UsuńSerdecznie pozdrawiam i zdrowia życzę:)
Mam pytanko bo mnie mama straszy ze w ciazy lepiej nie uzywac roznych kosmetykow bo skora wszystko wchlania i szkodzi płodowi..koleżanka uzywala balsam na rozstepy elancyl i jej dziecko ma uszkodzone nerki. Ja tez teraz w ciazy uzywam elancyl bo duzo kobiet go poleca...mozesz mnie uspokoic ze smarowanie sie elancylem przeciw rozstepom dla kobiet w ciazy nie wplynelo na płód? Dziekuje :)

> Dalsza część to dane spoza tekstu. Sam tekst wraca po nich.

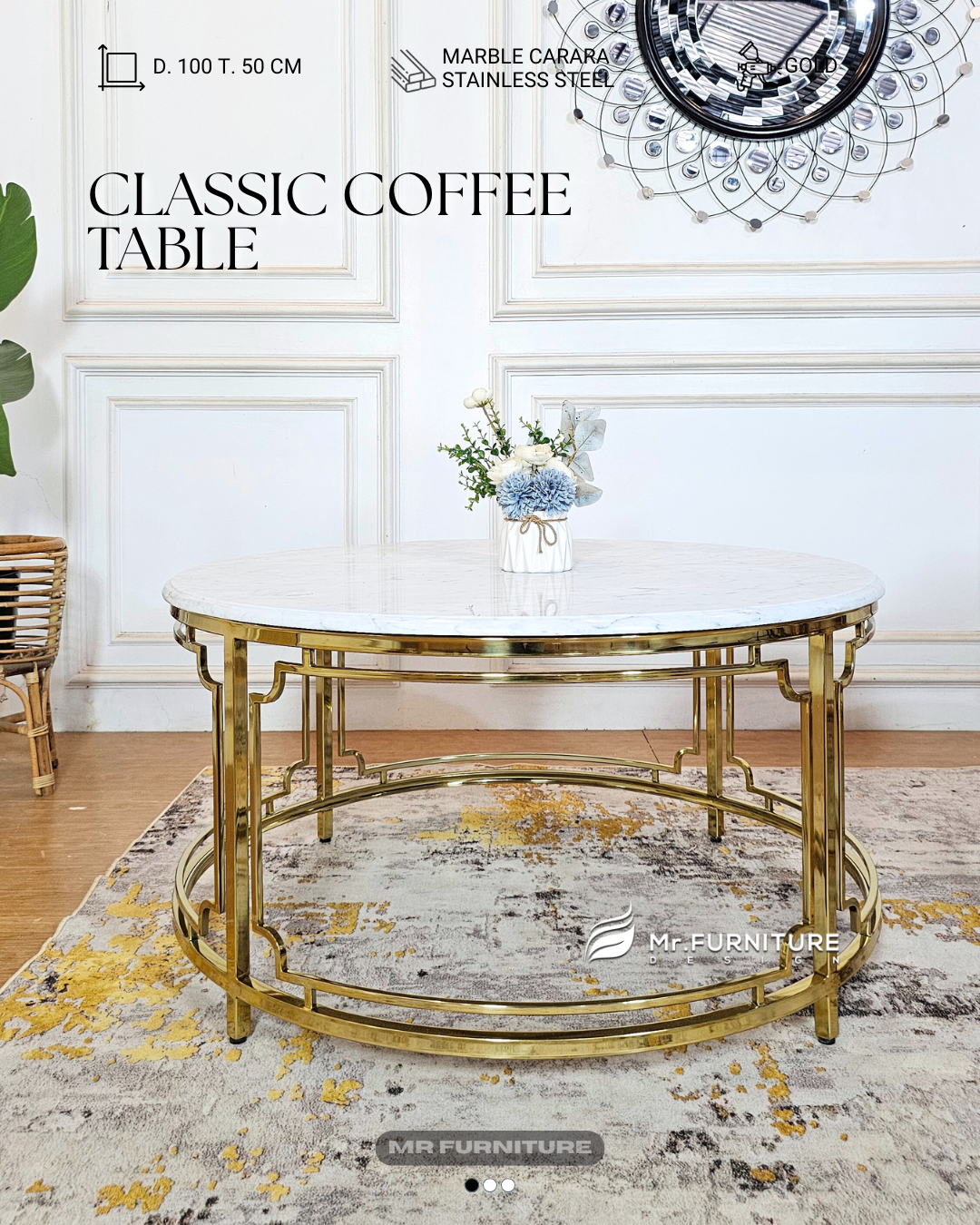 The combination of white Carrara marble with stainless gold legs makes this table not just a piece of furniture, but also a decorative element that enhances the beauty of the entire room. The clean white tones blend with the golden shine to create an elegant, warm, and luxurious impression,...
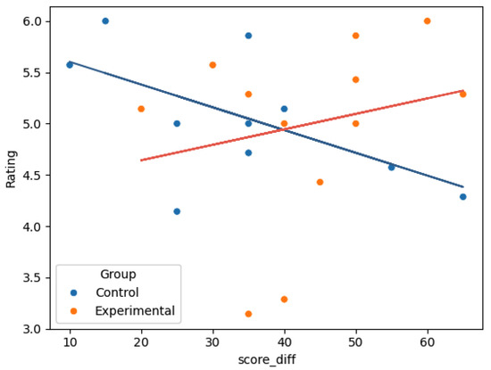 In addition, an exploratory analysis was conducted to examine the potential relationship between performance improvement and student perceptions, using a scatter plot to compare the control and experimental groups (see Figure 10). The variable represented learning gains, calculated as the difference between pre-test and post-test scores, while captured students’ average self-reported satisfaction or perceived instructional quality on a scale of 1–6, 6 being most satisfied. Although the results were not statistically significant, visual inspection suggested differing patterns across the two groups. In the control group, a weak negative trend () is observed, wherein higher learning gains were loosely associated with lower satisfaction ratings. This may imply that traditional instruction, while potentially effective in promoting cognitive development, could also be perceived as more demanding or stressful by students. In contrast, the experimental group exhibited a weak positive trend (), suggesting that students who gained more from the intervention tended to report higher satisfaction. While these observations do not yield conclusive evidence, they demonstrate the potential utility of such analyses for investigating the interplay between cognitive and affective outcomes. These preliminary patterns align with the broader aims of the proposed framework, which emphasizes the dual importance of academic achievement and learner perceptions in evaluating educational interventions. Further research with larger samples and more robust designs is needed to clarify the nature and significance of these relationships, particularly in digital and hybrid learning contexts.
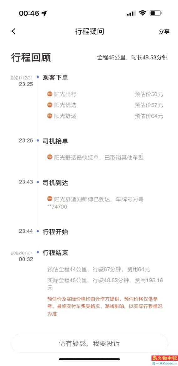 据其提供的行程回顾显示,平台“预估全程44公里,行驶67分钟,费用64元”,而“实际全程45公里,行驶48.53分钟,费用195.16元”,两者费用之间相差百余元。
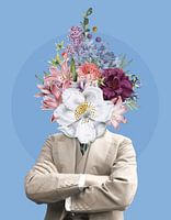 Het zomerse en ietwat onwaarschijnlijk portret van een goed geklede man.
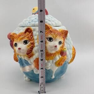 Vintage ANCO Kitten Cat Ceramic Cookie Jar & Lid Bubble Bath With Fish 1970's
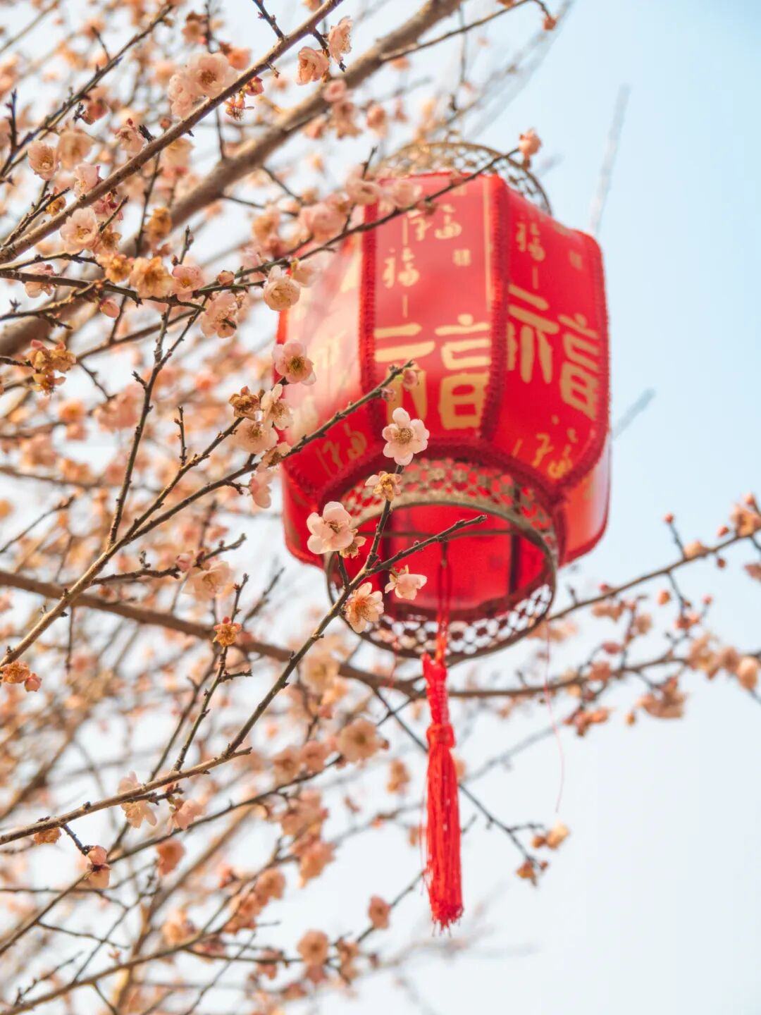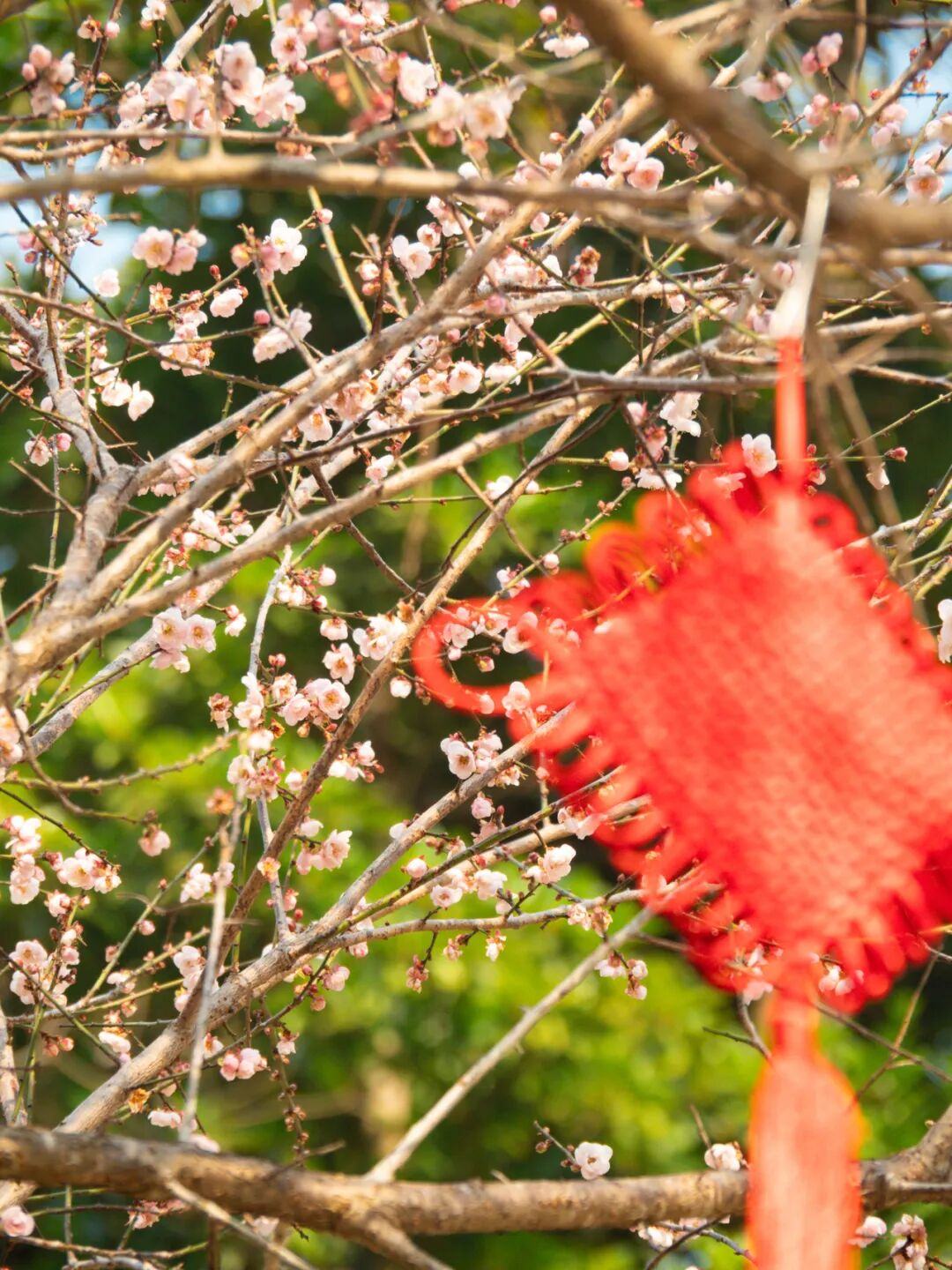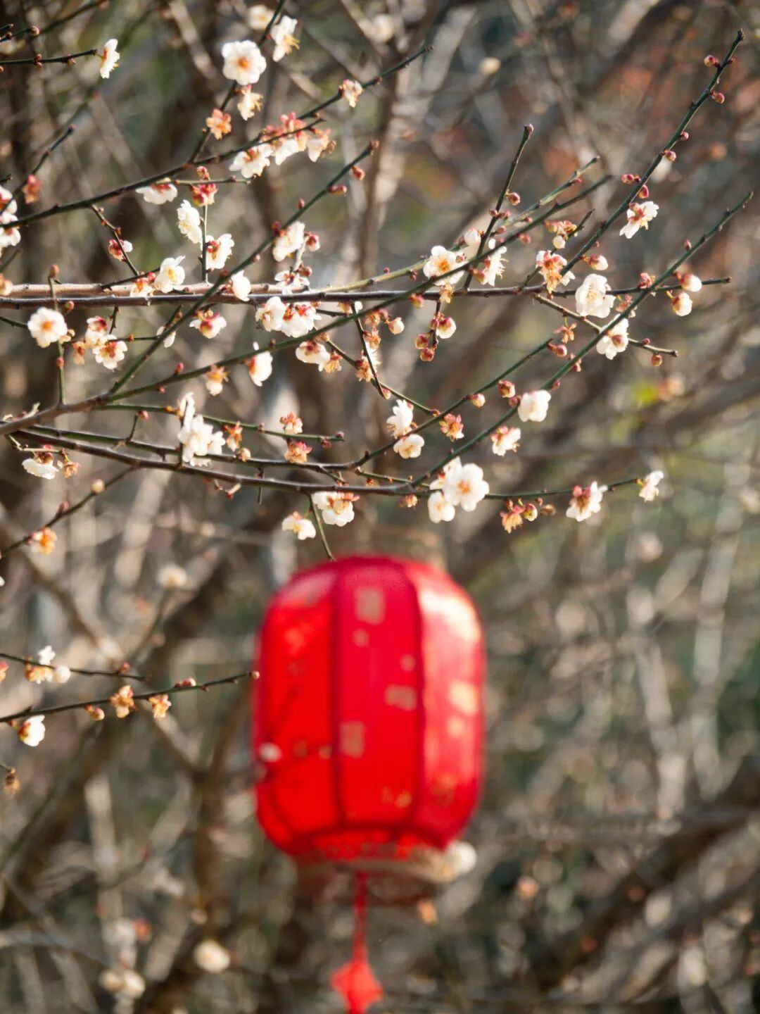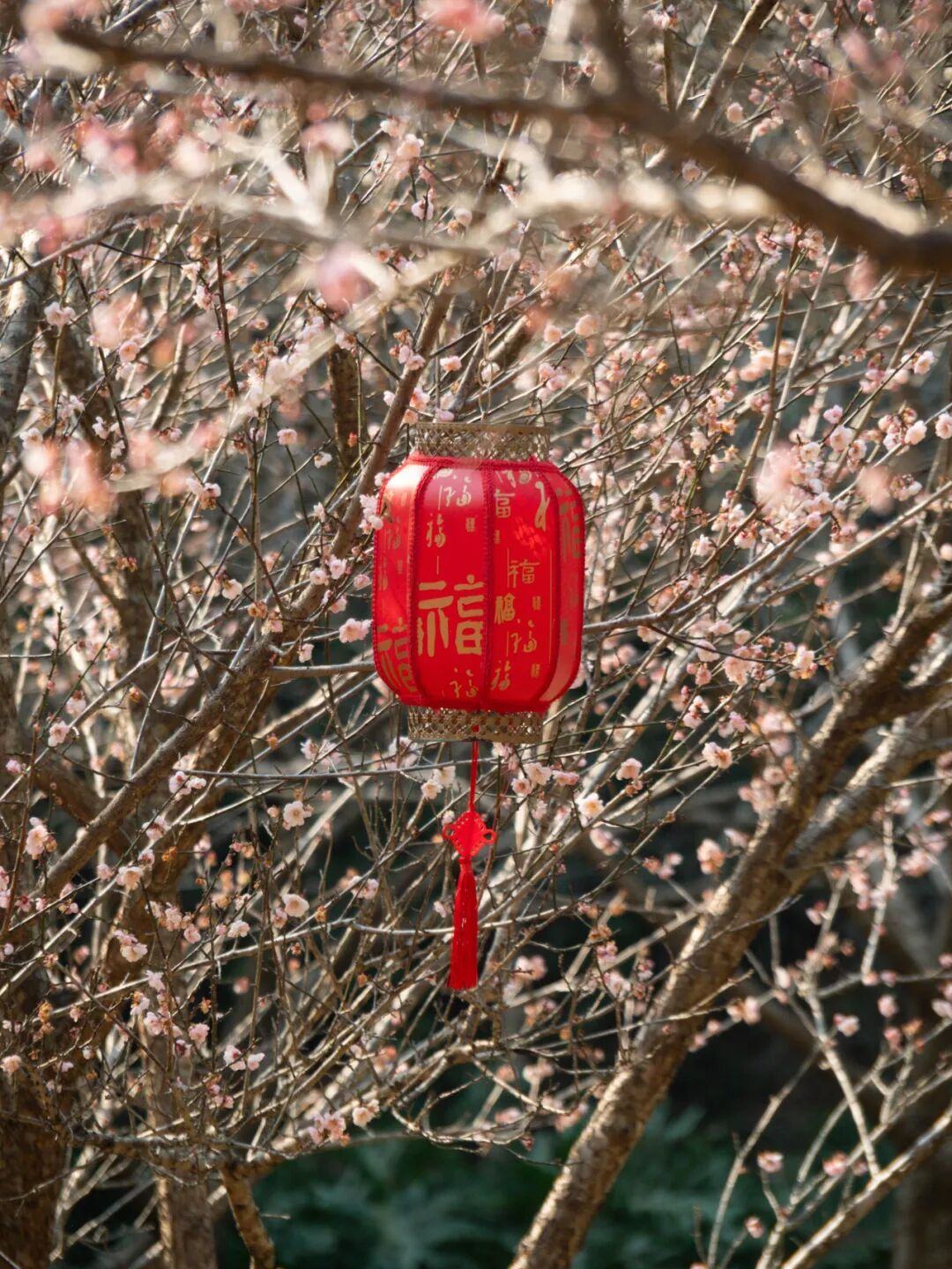 梅花谷中的红灯笼与粉梅、白梅相映,诗意十足。

OdpowiedzUsuńWitaj:) Gratuluję ciąży:) Co do używania kosmetyków, to przyznaję, że nie jestem znawcą i ekspertem w tej dziedzinie. Jednakże sama także używałam elancylu, bo wiem, że to bardzo dobry kosmetyk (wystarczy przeczytać opinie, skład i porozmawiać z lekarzem dermatologiem - od medycyny estetycznej), ja nie mam rozstępów (a brzuch miałam ogromny), a moje dzieci są zdrowe. Poza tym używam kosmetyków głównie bez parabenów, bez względu na to, czy jestem, czy nie w ciąży. Tobie także polecam... Możesz być spokojna. Twoje dziecko nie będzie chore od kosmetyku. No chyba, że byś się smarowała jakimiś lekami tj. antybiotykami lub sterydami, ale nie elancyl lub jakiś krem do twarzy...
UsuńSerdecznie pozdrawiam i życzę zdrowia Tobie i dziecięciu:))))
Bardzo dziekuje za szybka odpowiedz :)uspokoiłaś mnie:) :*** milego dnia :)
UsuńJa dochodziłam do siebie prawie 2 lata, więc naprawdę u Ciebie jest super :) i z każdym dniem będzie na pewno coraz lepiej :)
OdpowiedzUsuńSuper forma! ja miałam pewne dolegliwości długo po cesarce, szczególnie ze strony kręgosłupa. Ale już na szczęście jest wszystko ok. Jak bolą plecy, ręce to zobacz tutaj gdzie warto się zapisać do specjalisty. Wykonują dokładne badania, rehabilitują, jeśli jest taka potrzeba także planują inne leczenie. Ból nie jest czymś normalnym, trzeba reagować.